A partial solar eclipse, Surya Grahan, will be visible in India from 15:58 to 18:08 (Indian Standard Time) on August 1, 2008. According to NASA, it is a ‘Total Solar Eclipse’ on August 1 and the path of the Moon's umbral shadow begins in Canada and extends across northern Greenland, the Arctic, central Russia, Mongolia, and China. A partial eclipse is seen within the much broader path of the Moon's penumbral shadow, which includes northeastern North America, most of Europe and Asia. As per Hindu calendar, August 1 is an Amavasi day.

Update: Surya Grahan (Total solar eclipse) on July 22, 2009.

Surya Grahan on August 1 in India.... continues

A partial solar eclipse will be visible throughout India. It will be visible mainly in the northeastern region including Kolkata and other major towns. The best view will be at Sibsagar. It will also be a partial eclipse in Nepal.

In New Delhi, it would be visible from 4.03 pm to 5.56 pm and more than 50 percent of the Sun would be covered by moon. In Chennai, it would be visible from 4.40 pm to 6.08 pm and nearly 25% of sun will be covered by noon. This is the peak monsoon season and heavy rain is predicted in most parts of India on Friday and this might keep the solar event hidden behind the clouds.

Generally most Hindu temples remain closed during the period of solar eclipse and temples reopen on the next day morning after special pujas and rituals. Hindus in large number take holy dip in Rivers like Ganges and other tirths especially at Brahma Sarover in Kurukshetra.

  • The dark blue double line indicates the path of Total Solar Eclipse.
  • The light blue grid area of partial eclipse which includes India and Nepal. (image from NASA)

Usually, Hindus do not perform any work during Surya Grahan and they purify themselves by taking a bath and chants the Ashtakshara Mantra dedicated to Shri Krishna. Ashtakshara mantra is ‘Shri Krishna ha sharnam mama.’

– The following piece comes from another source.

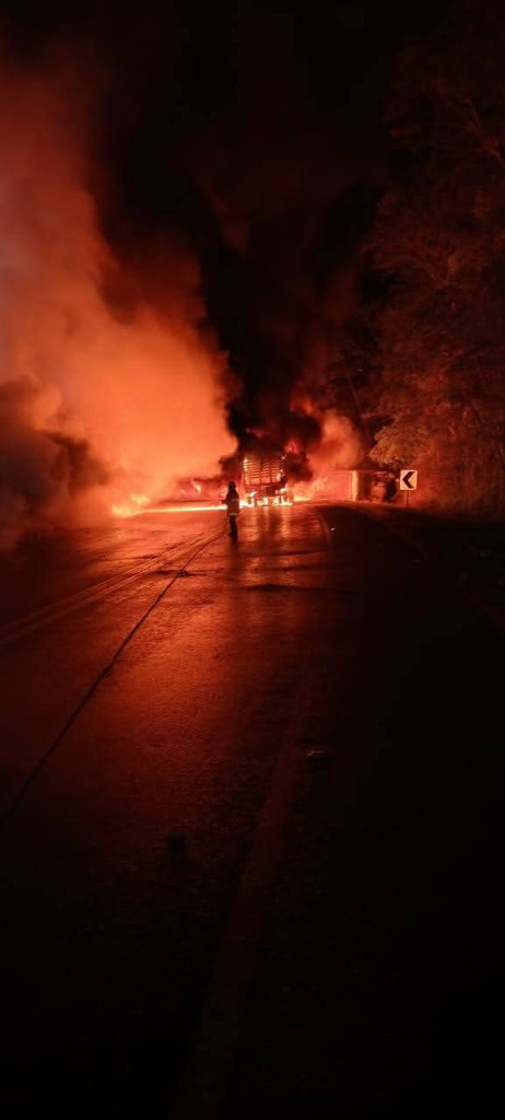 Chocaron dos tractocamiones presentándose el incendio en los vehículos.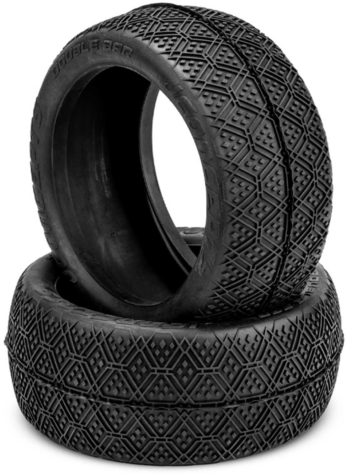 As the dual tread intersects itself, a wall provides additional side bite and stability during hard side-loads and 180-degree corners. The soft and layered tread terminates at the edge, and it rolls off to give the tire an easy transition for an easier driving feel. A continuous radius carcass is built into the Double Bar to take on more difficult jumping tasks, faster speed track layouts, and reduce the ballooning effect of racing at higher speeds.

Adult Hindus stop eating 12 hours before a solar eclipse. Children, old people and those who are ill stop eating 3 hours before the beginning of a solar eclipse. If the solar eclipse ends after sunset, then people fast during night and consume food only next day morning.

Ancient sages and texts like Brahman Siddhanta restrict viewing the eclipse – one should look at an eclipse through a cloth or a reflection of it. A pregnant woman should never look directly at an eclipse.

There are also some people who take undue advantage of innocent Hindus in the name of astrology during such events. Ancient Hindu saints only talk about the physical harm Surya Grahanam can create on human beings. Put the thinking cap and keep out unwanted elements who try to take undue advantage during such occasions. The only aim of such people is money.